Top of Task material

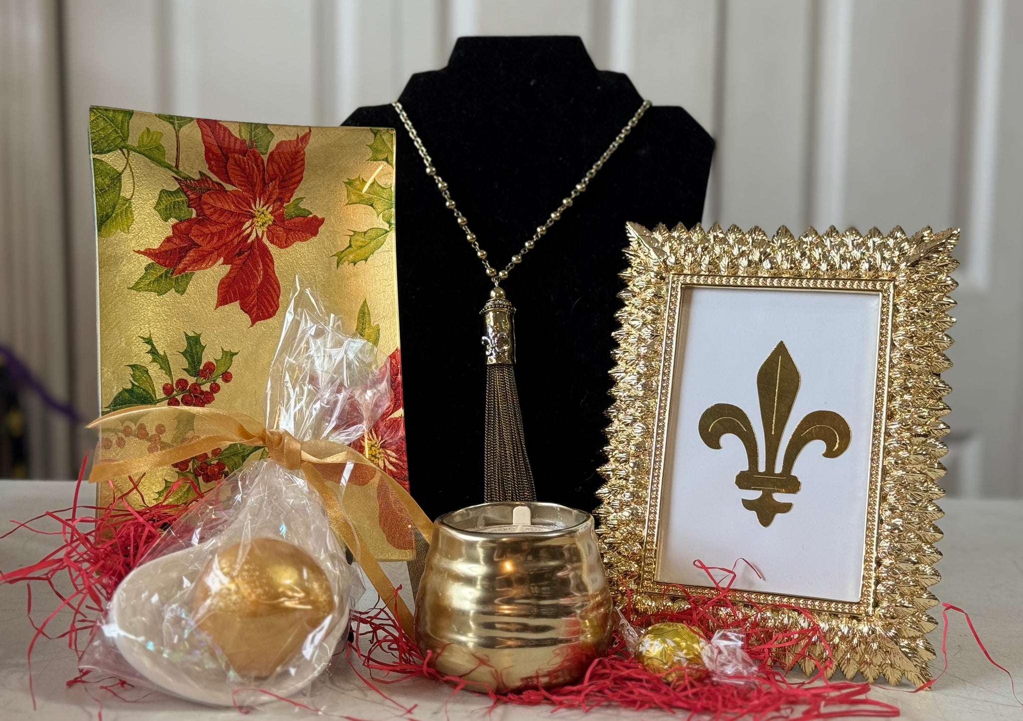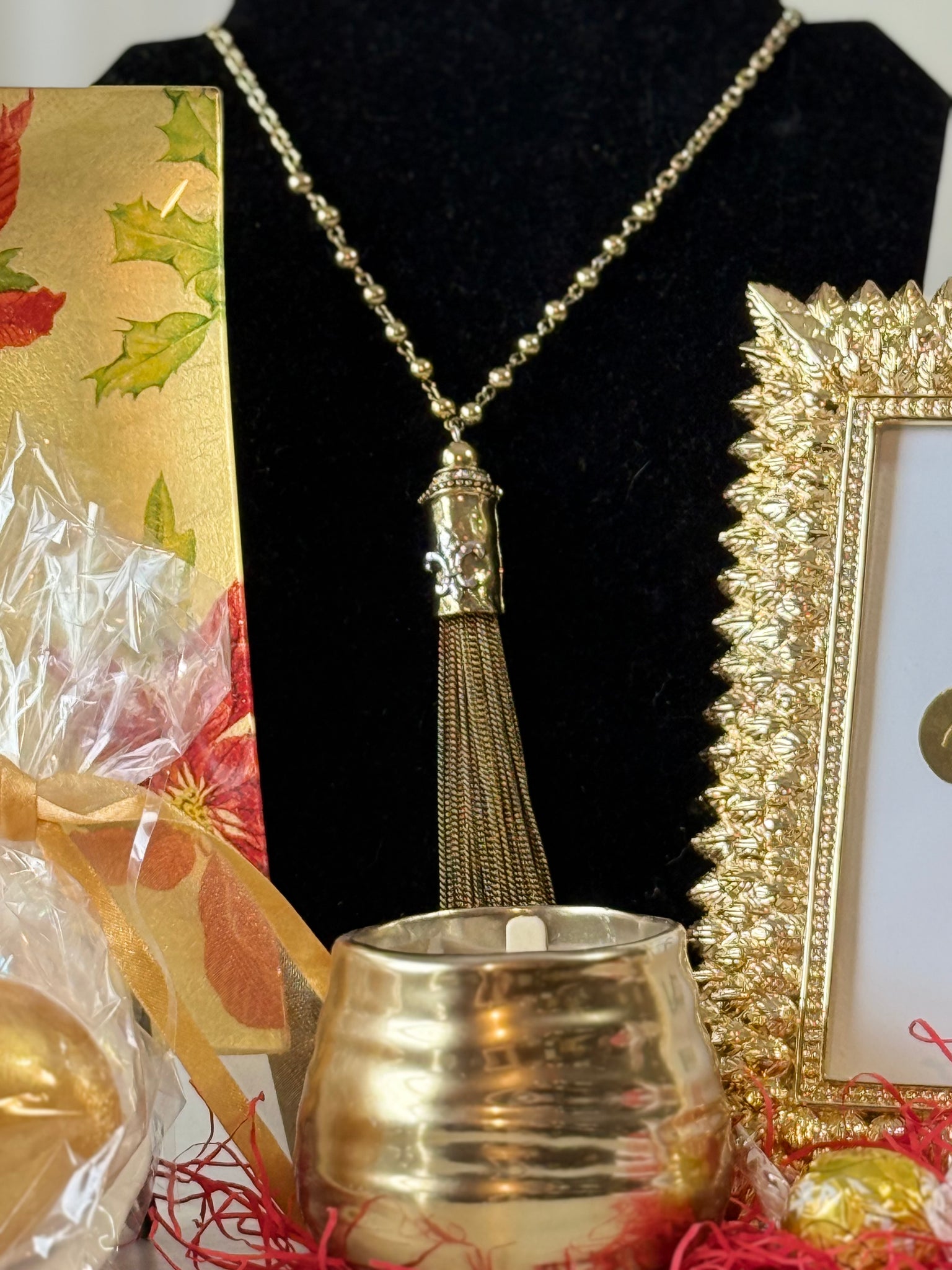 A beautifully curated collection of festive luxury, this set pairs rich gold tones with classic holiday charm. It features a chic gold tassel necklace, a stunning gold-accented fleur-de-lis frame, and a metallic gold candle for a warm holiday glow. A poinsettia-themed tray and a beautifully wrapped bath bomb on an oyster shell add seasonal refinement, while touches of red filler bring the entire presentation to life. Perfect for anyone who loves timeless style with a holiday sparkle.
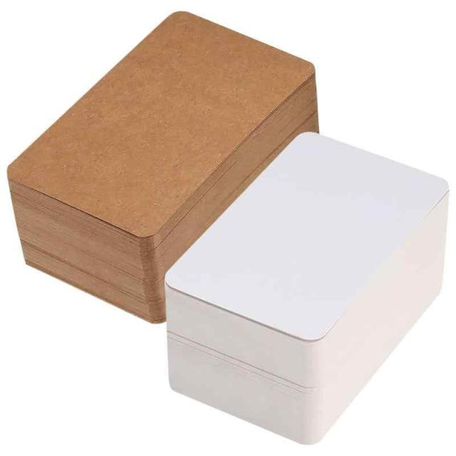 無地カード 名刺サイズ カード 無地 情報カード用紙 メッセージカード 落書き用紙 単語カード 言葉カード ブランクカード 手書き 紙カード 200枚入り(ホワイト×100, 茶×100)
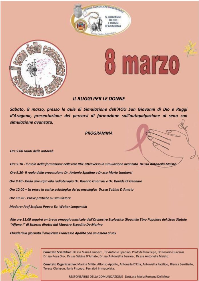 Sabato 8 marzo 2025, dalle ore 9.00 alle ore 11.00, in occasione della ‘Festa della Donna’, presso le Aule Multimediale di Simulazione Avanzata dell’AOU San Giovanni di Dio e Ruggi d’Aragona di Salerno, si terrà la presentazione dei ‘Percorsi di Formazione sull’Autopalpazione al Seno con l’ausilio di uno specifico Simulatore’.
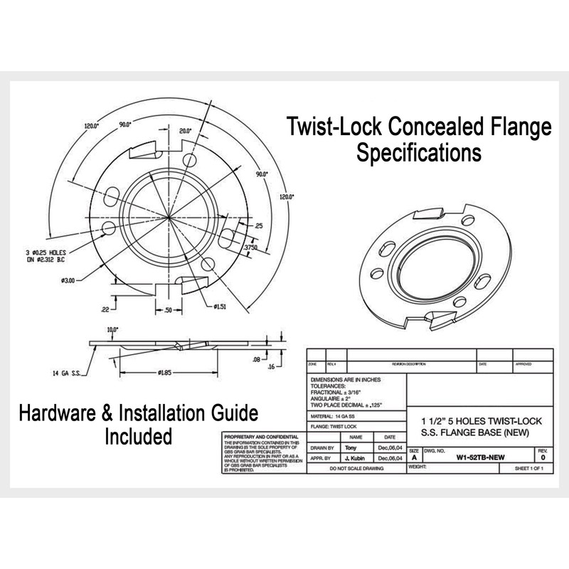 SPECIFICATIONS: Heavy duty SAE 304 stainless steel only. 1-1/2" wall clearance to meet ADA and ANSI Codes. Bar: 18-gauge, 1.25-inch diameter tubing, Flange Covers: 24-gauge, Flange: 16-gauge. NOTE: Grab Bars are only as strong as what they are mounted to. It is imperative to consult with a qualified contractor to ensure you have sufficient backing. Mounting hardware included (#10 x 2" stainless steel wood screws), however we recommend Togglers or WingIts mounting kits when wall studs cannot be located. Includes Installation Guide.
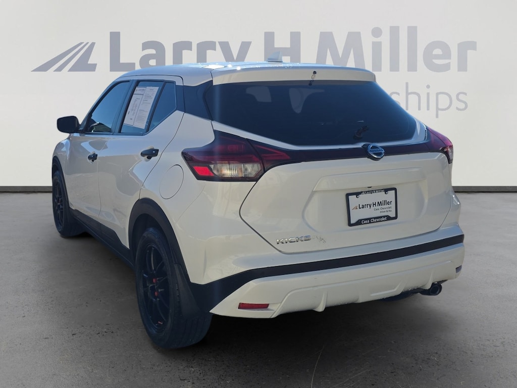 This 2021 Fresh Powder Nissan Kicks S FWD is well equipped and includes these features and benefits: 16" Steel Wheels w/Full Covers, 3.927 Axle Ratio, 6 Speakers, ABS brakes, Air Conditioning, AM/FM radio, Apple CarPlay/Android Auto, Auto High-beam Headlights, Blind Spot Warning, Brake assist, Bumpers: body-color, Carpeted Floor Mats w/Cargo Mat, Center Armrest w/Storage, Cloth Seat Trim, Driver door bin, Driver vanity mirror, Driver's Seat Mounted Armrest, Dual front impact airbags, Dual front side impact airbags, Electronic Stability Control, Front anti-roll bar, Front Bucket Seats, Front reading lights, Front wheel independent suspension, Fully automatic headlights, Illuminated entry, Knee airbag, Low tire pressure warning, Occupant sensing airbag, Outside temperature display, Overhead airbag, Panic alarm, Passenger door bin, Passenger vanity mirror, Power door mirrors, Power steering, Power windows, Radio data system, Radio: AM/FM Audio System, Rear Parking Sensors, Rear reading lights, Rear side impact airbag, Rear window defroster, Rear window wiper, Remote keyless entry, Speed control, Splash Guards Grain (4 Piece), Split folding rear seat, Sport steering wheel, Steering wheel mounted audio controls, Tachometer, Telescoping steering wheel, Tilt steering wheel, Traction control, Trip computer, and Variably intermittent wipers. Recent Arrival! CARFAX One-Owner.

Bottom of Task material
Top of Task material

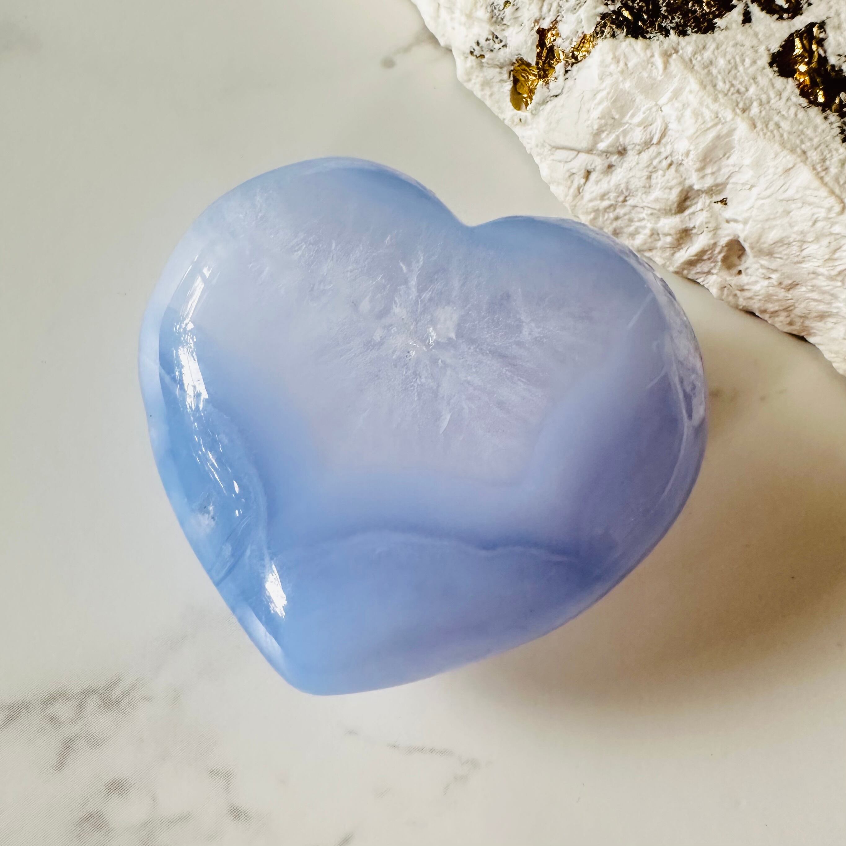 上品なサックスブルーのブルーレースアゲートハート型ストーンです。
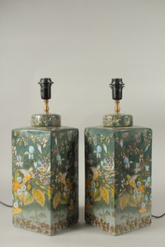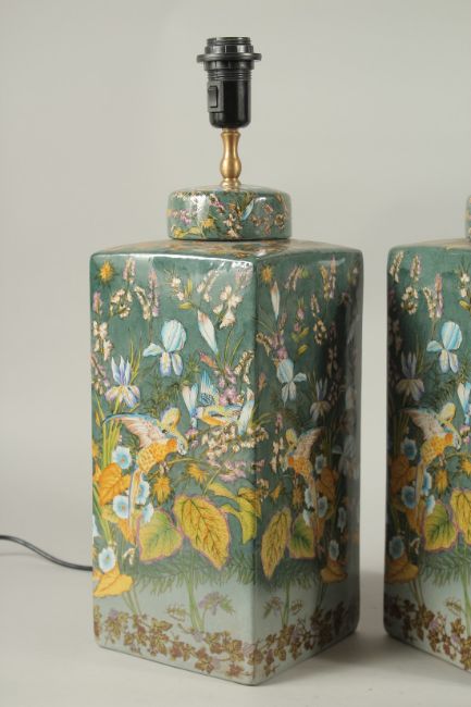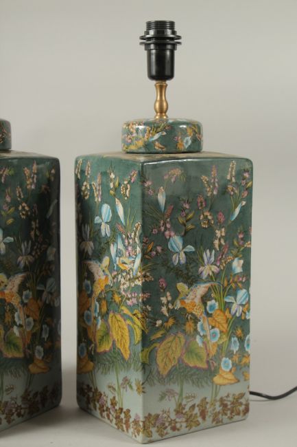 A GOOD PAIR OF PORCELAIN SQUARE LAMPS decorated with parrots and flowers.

Bottom of Task material
Top of Task material

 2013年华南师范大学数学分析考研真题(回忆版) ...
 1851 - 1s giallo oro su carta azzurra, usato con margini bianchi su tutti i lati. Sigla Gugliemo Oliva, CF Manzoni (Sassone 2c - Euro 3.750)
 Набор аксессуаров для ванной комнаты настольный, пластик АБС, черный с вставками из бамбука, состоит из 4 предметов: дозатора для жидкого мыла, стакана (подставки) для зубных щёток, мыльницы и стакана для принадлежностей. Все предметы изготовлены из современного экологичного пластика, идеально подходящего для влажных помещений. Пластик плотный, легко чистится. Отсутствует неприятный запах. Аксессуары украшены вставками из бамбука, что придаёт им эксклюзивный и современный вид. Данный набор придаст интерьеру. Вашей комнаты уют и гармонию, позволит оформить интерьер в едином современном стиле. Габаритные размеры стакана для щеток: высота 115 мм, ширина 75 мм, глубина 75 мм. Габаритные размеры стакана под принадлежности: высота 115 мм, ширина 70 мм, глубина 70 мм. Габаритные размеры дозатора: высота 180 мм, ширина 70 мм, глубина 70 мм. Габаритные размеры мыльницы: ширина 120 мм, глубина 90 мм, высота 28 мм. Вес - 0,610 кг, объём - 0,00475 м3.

Bottom of Task material

(What is expected) Using the records above, print exactly the run of lines that starts with the line with "Sabato 8 marzo" and goes on through the line with "SPECIFICATIONS: Heavy duty", pictures excluded.

(Response)
 Sabato 8 marzo 2025, dalle ore 9.00 alle ore 11.00, in occasione della ‘Festa della Donna’, presso le Aule Multimediale di Simulazione Avanzata dell’AOU San Giovanni di Dio e Ruggi d’Aragona di Salerno, si terrà la presentazione dei ‘Percorsi di Formazione sull’Autopalpazione al Seno con l’ausilio di uno specifico Simulatore’.
 SPECIFICATIONS: Heavy duty SAE 304 stainless steel only. 1-1/2" wall clearance to meet ADA and ANSI Codes. Bar: 18-gauge, 1.25-inch diameter tubing, Flange Covers: 24-gauge, Flange: 16-gauge. NOTE: Grab Bars are only as strong as what they are mounted to. It is imperative to consult with a qualified contractor to ensure you have sufficient backing. Mounting hardware included (#10 x 2" stainless steel wood screws), however we recommend Togglers or WingIts mounting kits when wall studs cannot be located. Includes Installation Guide.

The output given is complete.